**Work item**
Within the records that follow, restate exactly the lines from the line with "In 2017 Helmut" down to the line with "Киев. 4 мая.", including both. Omit the pictures.

**Material to process**
========================================================================
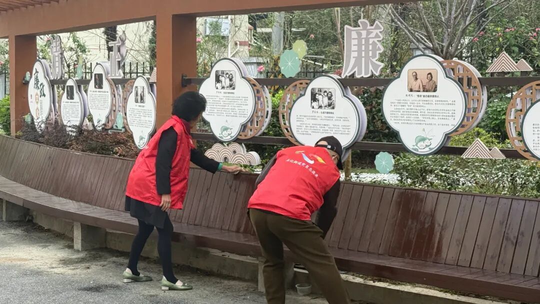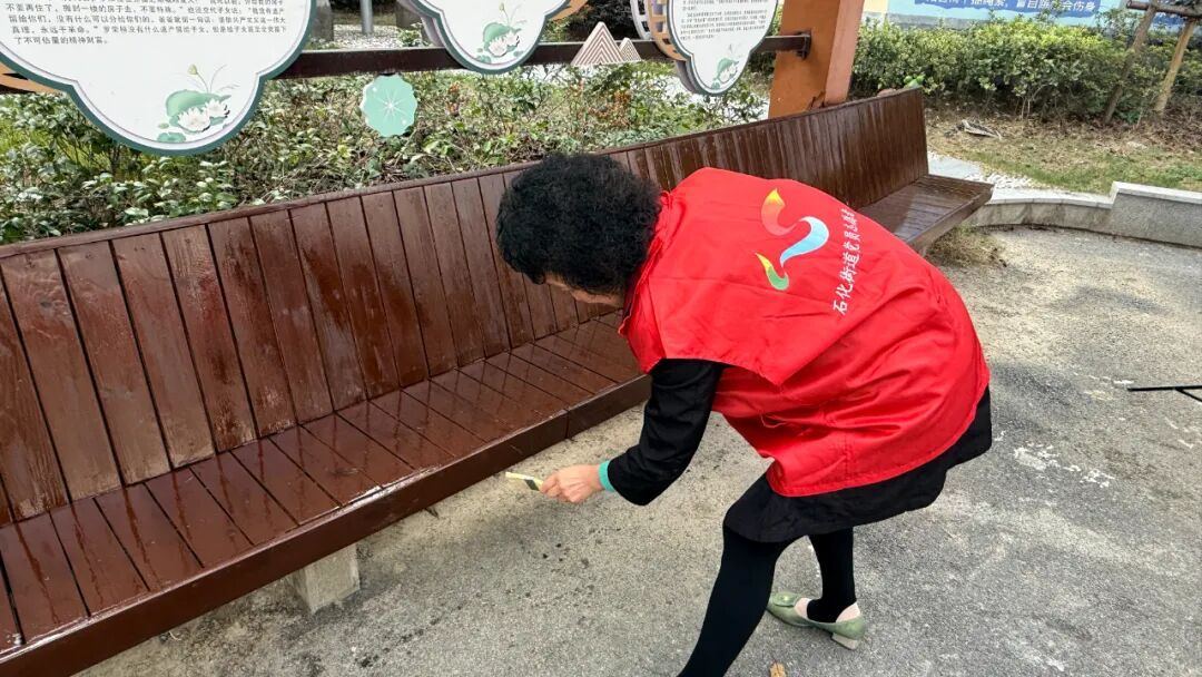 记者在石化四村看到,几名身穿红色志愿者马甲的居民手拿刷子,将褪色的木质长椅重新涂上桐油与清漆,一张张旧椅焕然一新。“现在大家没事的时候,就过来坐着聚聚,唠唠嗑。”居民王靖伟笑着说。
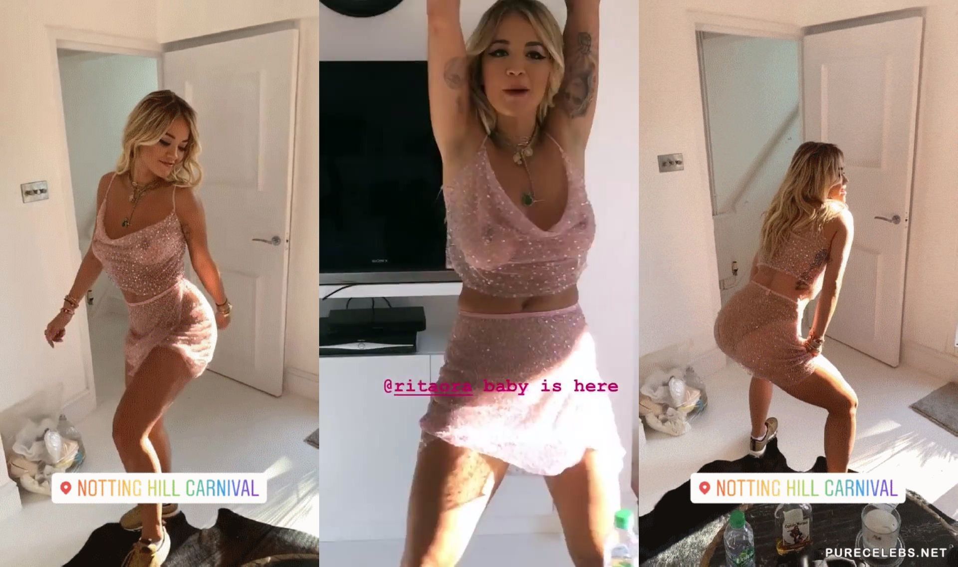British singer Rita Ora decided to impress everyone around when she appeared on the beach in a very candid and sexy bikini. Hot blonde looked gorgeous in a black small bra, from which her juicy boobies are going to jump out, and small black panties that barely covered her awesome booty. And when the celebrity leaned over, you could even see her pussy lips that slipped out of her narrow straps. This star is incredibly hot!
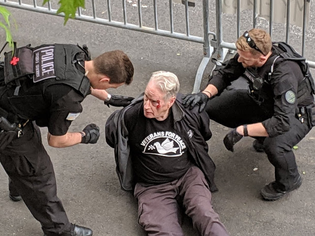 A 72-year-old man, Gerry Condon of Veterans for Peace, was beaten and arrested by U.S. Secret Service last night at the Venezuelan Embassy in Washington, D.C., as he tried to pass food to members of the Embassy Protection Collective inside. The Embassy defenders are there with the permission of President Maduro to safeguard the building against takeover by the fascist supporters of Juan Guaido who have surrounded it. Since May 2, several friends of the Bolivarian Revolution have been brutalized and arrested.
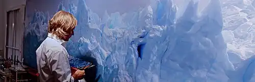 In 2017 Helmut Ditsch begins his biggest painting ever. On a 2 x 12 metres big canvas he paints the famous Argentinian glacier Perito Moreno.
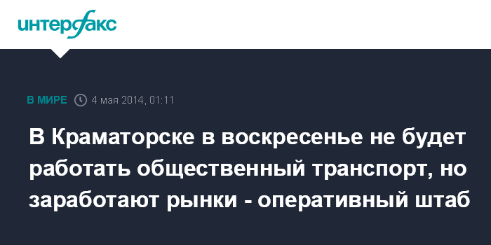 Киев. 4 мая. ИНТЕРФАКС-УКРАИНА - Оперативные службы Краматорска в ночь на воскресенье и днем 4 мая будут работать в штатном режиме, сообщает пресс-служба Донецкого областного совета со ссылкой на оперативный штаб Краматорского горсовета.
========================================================================
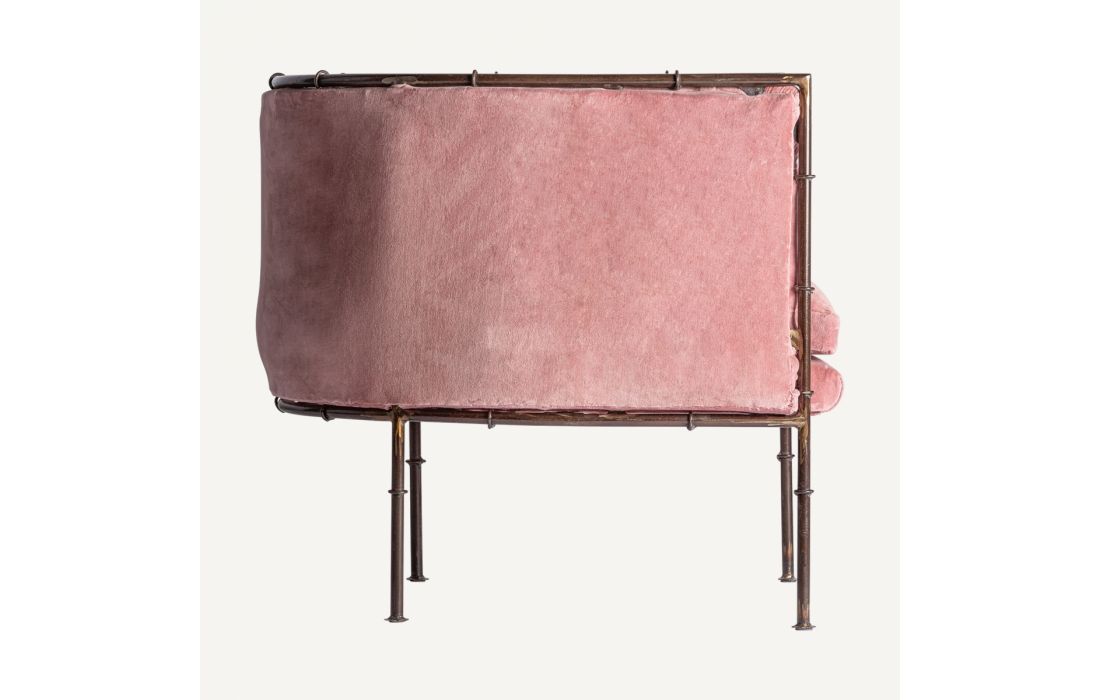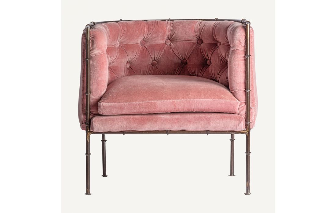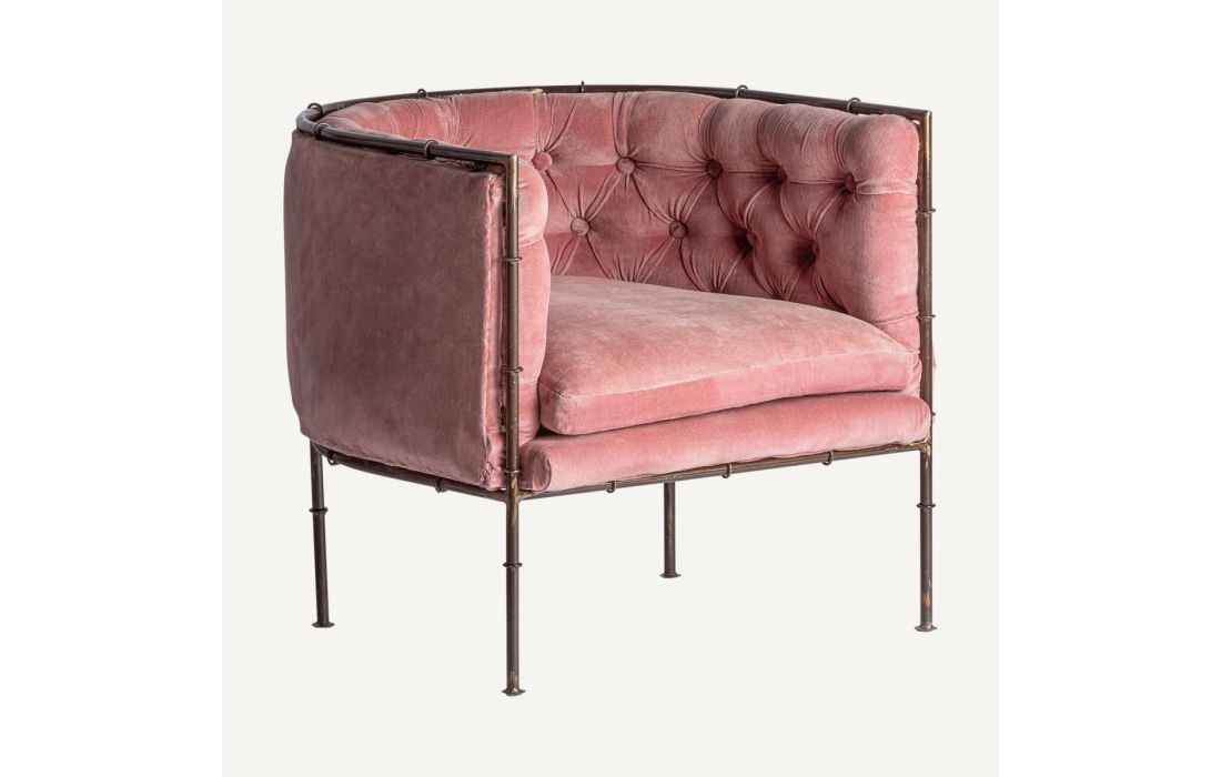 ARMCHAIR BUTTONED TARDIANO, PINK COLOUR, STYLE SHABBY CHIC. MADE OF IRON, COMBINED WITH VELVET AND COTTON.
========================================================================
**Output for this exercise**
 In 2017 Helmut Ditsch begins his biggest painting ever. On a 2 x 12 metres big canvas he paints the famous Argentinian glacier Perito Moreno.
 Киев. 4 мая. ИНТЕРФАКС-УКРАИНА - Оперативные службы Краматорска в ночь на воскресенье и днем 4 мая будут работать в штатном режиме, сообщает пресс-служба Донецкого областного совета со ссылкой на оперативный штаб Краматорского горсовета.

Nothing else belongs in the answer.